**Work order**
All of the listing, from first line to last, should be output exactly; the pictures stay out.

--- START ---

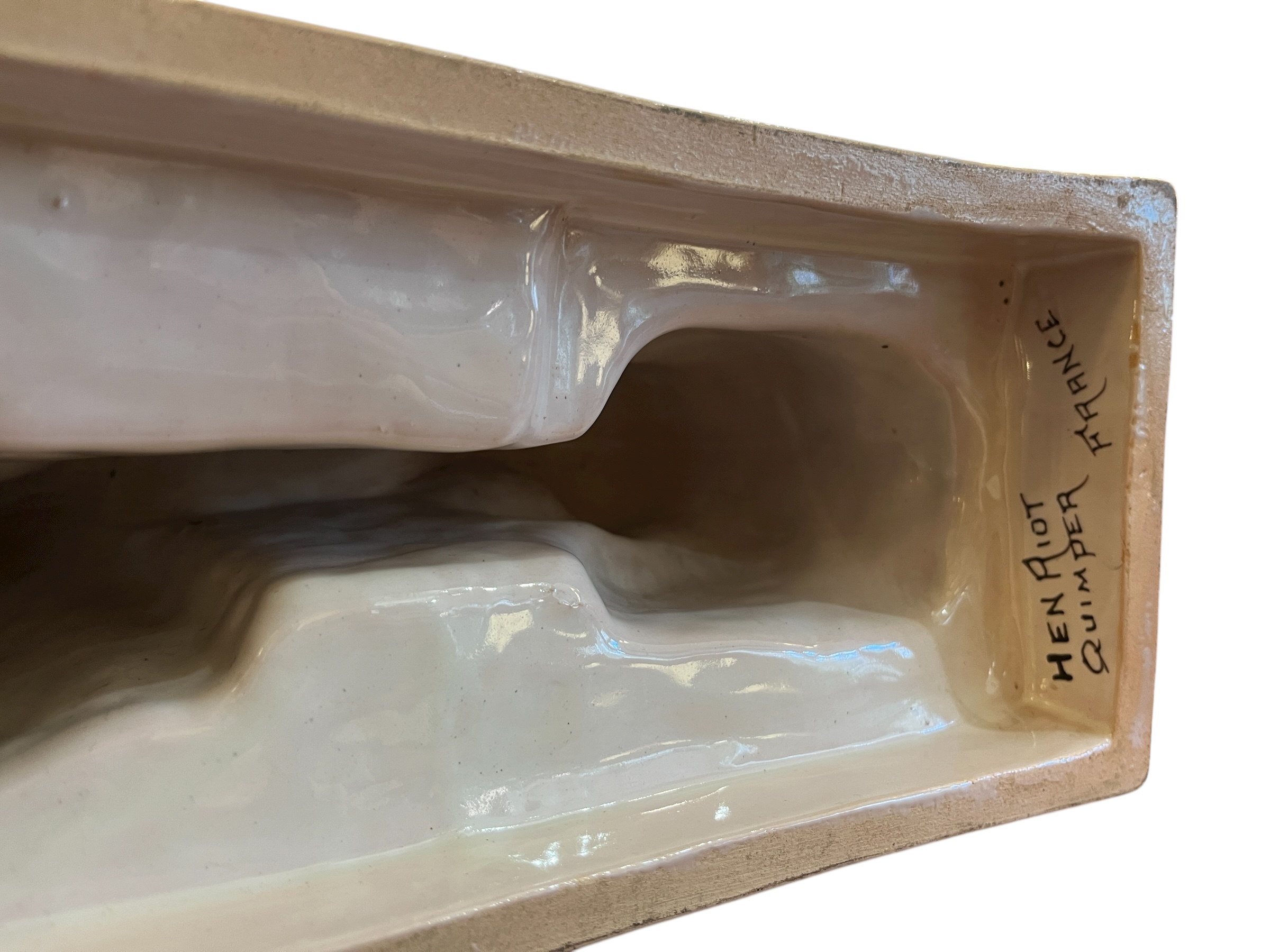 Signé du monogramme « E.J.B. » à l’arrière, et marque « HENRIOT QUIMPER FRANCE » sous la terrasse.
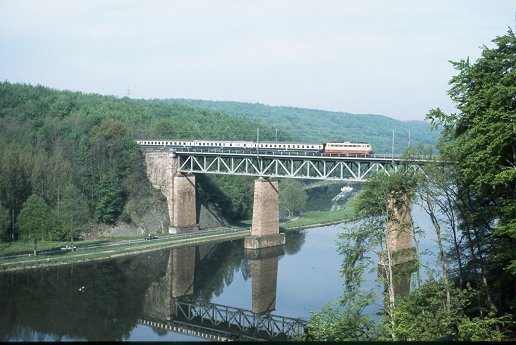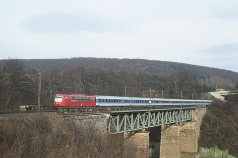 Wiederaufgebaute Brücke mit Schnellzug in 1984. Heute ist diese Aufnahme nicht mehr möglich, da die alte Brücke von dem Betonbauwerk der Neubaustrecke verdeckt wird.
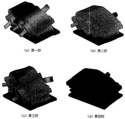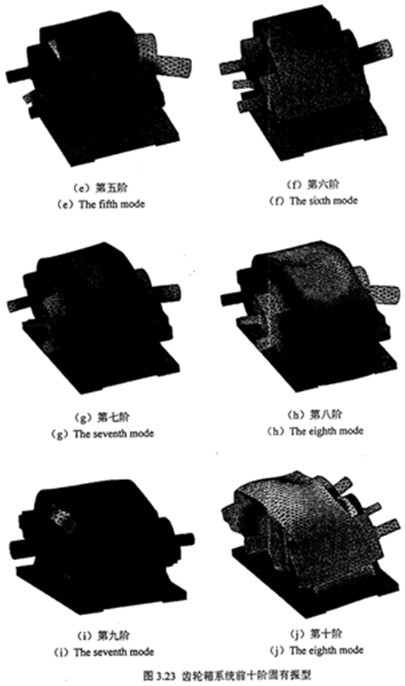 如圖3.22 所示的齒輪系統(tǒng)有限元模型,根據(jù)實際的安裝情況,為了能比較準確地反映實際狀態(tài),箱體的邊界條件為:箱體底座垂直方向約束,四個螺栓孔處全部固定約束。則研究齒輪系統(tǒng)的約束模態(tài),表3.14~3.15分別為用I-Deas軟件的Lanczos模態(tài)求解法計算得到的各重要零部件及齒輪系統(tǒng)前上10階固有頻率和響應(yīng)的振型情況。限于篇幅,圖3.23給出了齒輪系統(tǒng)的前十階固有振型。
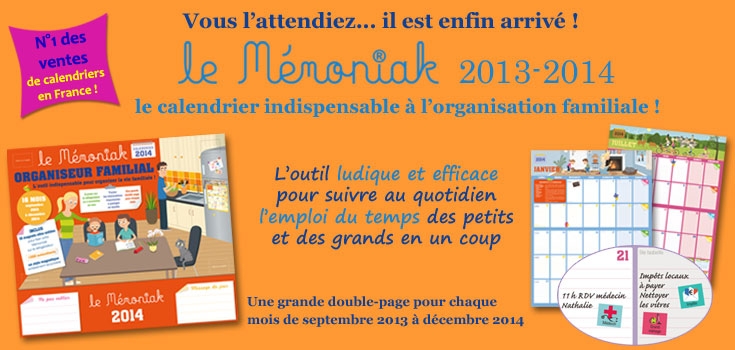 On ne dirait pas comme ça mais je suis terriblement désorganisée ! Pour la rentrée (qui arrive à grand pas), j’ai décidé qu’il fallait que je remédie à tout ça. Objectif : mieux gérer son quotidien pour se simplifier la vie et gagner du temps ! En résumé : être une maman débordée mais organisée ! Oui car inévitablement je resterai une maman débordée, débordée par les évènements et un emploi du temps surchargé par les multiples rendez-vous…et aussi débordée par ce qui m’arrive et que je n’aurais jamais imaginé : être maman d’un enfant dys-fférent. Alors plutôt que de me répéter inlassablement « je n’y arriverai jamais » je suis partie à la recherche d’une parfaite organisation sur Internet. Alors j’ai tapé : « comment être une super maman organisée ? », bon déjà cela m’a permis de constater que le phénomène est à l’échelle planétaire et que maman débordée rime avec maman épuisée. Des astuces, des conseils, des tableaux à créer…mais rien de bien simple et prêt à l’emploi ! Mais en cherchant un peu plus, je suis tombée sur l’Organiseur Familial MEMONIAK 2014 des Editions 365, et je me suis tout de suite dit c’est celui-là qu’il me faut !
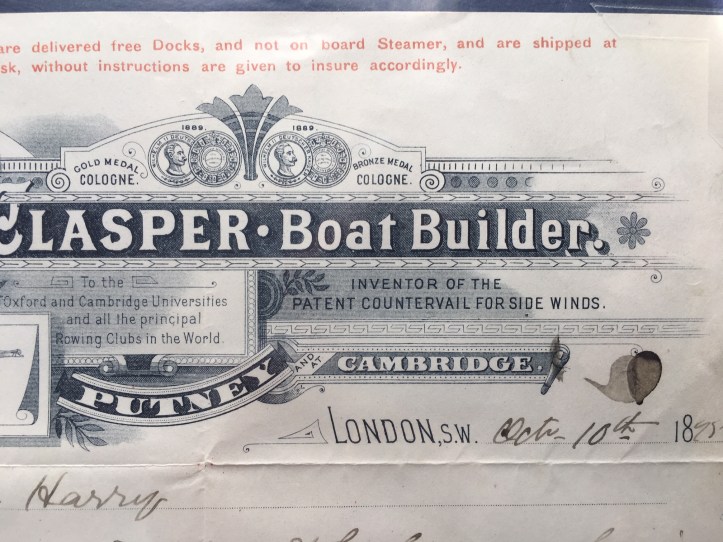 So when did the below water fin/skeg come into existence and who developed it? For lack of other evidence, it appears it was an invention of John Hawks Clasper. His Boat Builder stationary shows his claim of “Inventor Of The Patent Countervail For Side Winds” – see JHC Boat Builder stationery image below. The correspondence date is difficult to read, but it may say 1895.
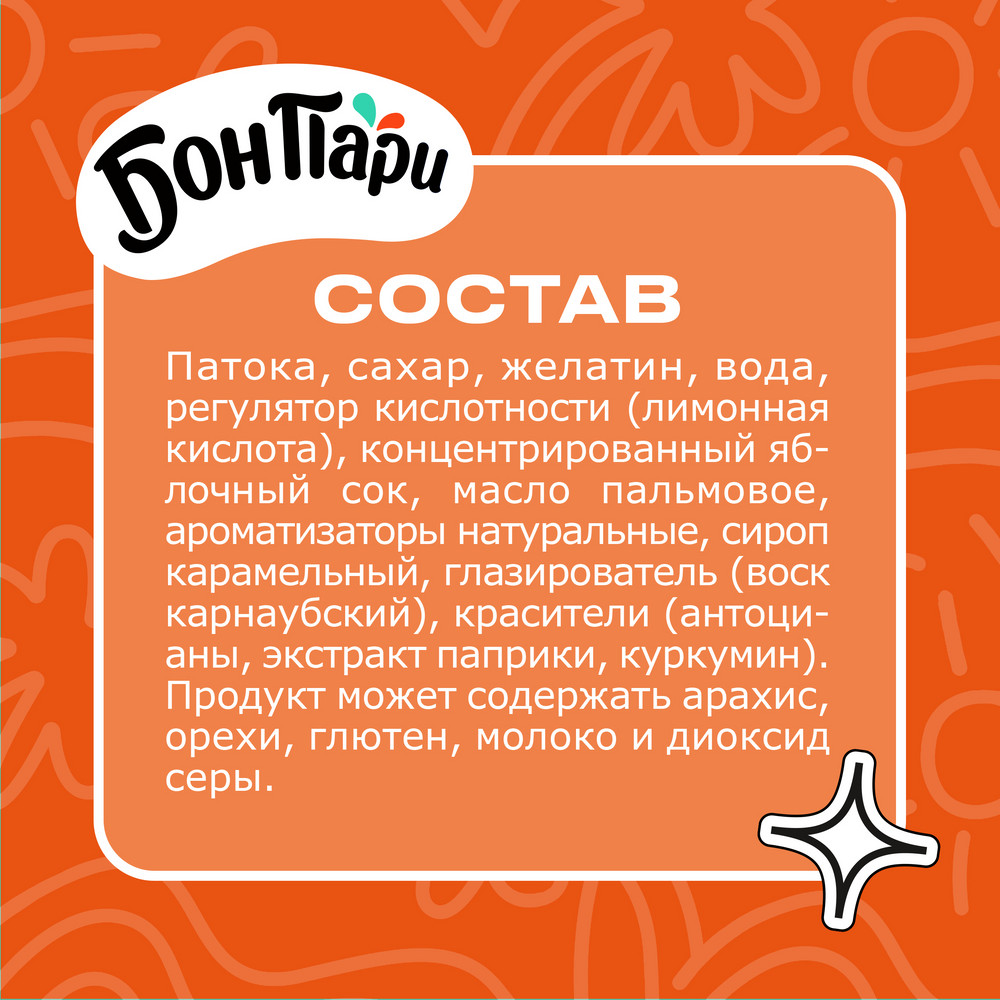 Патока, сахар, желатин, вода, регулятор кислотности (лимонная кислота), концентрированный яблочный сок, масло пальмовое, ароматизаторы натуральные, сироп карамельный, глазирователь (воск карнаубский), красители (антоцианы, экстракт паприки, куркумин).
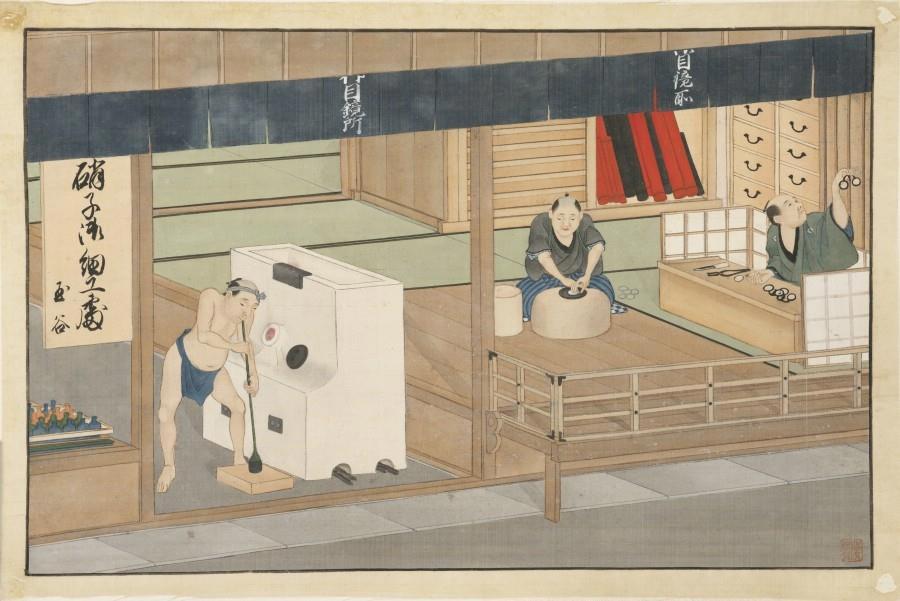 Слева на рисунке изображён стеклодув. Стоя у печи, в которой горный хрусталь плавится в кварцевое стекло, он выдувает заготовку линзы. Мастер в центре шлифует её, а человек справа вставляет готовые линзы в оправы.  Японцы добились высочайшего уровня обработки линз, которые, по словам иностранных очевидцев, были сравнимы с лучшими европейскими, а часто и превосходили их по качеству. Оправы вырезали из китового уса, бычьего рога, панциря черепахи, то есть наиболее лёгких и в то же время достаточно прочных материалов.

--- END ---

**Output for this exercise**
 Signé du monogramme « E.J.B. » à l’arrière, et marque « HENRIOT QUIMPER FRANCE » sous la terrasse.
 Wiederaufgebaute Brücke mit Schnellzug in 1984. Heute ist diese Aufnahme nicht mehr möglich, da die alte Brücke von dem Betonbauwerk der Neubaustrecke verdeckt wird.
 如圖3.22 所示的齒輪系統(tǒng)有限元模型,根據(jù)實際的安裝情況,為了能比較準確地反映實際狀態(tài),箱體的邊界條件為:箱體底座垂直方向約束,四個螺栓孔處全部固定約束。則研究齒輪系統(tǒng)的約束模態(tài),表3.14~3.15分別為用I-Deas軟件的Lanczos模態(tài)求解法計算得到的各重要零部件及齒輪系統(tǒng)前上10階固有頻率和響應(yīng)的振型情況。限于篇幅,圖3.23給出了齒輪系統(tǒng)的前十階固有振型。
 On ne dirait pas comme ça mais je suis terriblement désorganisée ! Pour la rentrée (qui arrive à grand pas), j’ai décidé qu’il fallait que je remédie à tout ça. Objectif : mieux gérer son quotidien pour se simplifier la vie et gagner du temps ! En résumé : être une maman débordée mais organisée ! Oui car inévitablement je resterai une maman débordée, débordée par les évènements et un emploi du temps surchargé par les multiples rendez-vous…et aussi débordée par ce qui m’arrive et que je n’aurais jamais imaginé : être maman d’un enfant dys-fférent. Alors plutôt que de me répéter inlassablement « je n’y arriverai jamais » je suis partie à la recherche d’une parfaite organisation sur Internet. Alors j’ai tapé : « comment être une super maman organisée ? », bon déjà cela m’a permis de constater que le phénomène est à l’échelle planétaire et que maman débordée rime avec maman épuisée. Des astuces, des conseils, des tableaux à créer…mais rien de bien simple et prêt à l’emploi ! Mais en cherchant un peu plus, je suis tombée sur l’Organiseur Familial MEMONIAK 2014 des Editions 365, et je me suis tout de suite dit c’est celui-là qu’il me faut !
 So when did the below water fin/skeg come into existence and who developed it? For lack of other evidence, it appears it was an invention of John Hawks Clasper. His Boat Builder stationary shows his claim of “Inventor Of The Patent Countervail For Side Winds” – see JHC Boat Builder stationery image below. The correspondence date is difficult to read, but it may say 1895.
 Патока, сахар, желатин, вода, регулятор кислотности (лимонная кислота), концентрированный яблочный сок, масло пальмовое, ароматизаторы натуральные, сироп карамельный, глазирователь (воск карнаубский), красители (антоцианы, экстракт паприки, куркумин).
 Слева на рисунке изображён стеклодув. Стоя у печи, в которой горный хрусталь плавится в кварцевое стекло, он выдувает заготовку линзы. Мастер в центре шлифует её, а человек справа вставляет готовые линзы в оправы.  Японцы добились высочайшего уровня обработки линз, которые, по словам иностранных очевидцев, были сравнимы с лучшими европейскими, а часто и превосходили их по качеству. Оправы вырезали из китового уса, бычьего рога, панциря черепахи, то есть наиболее лёгких и в то же время достаточно прочных материалов.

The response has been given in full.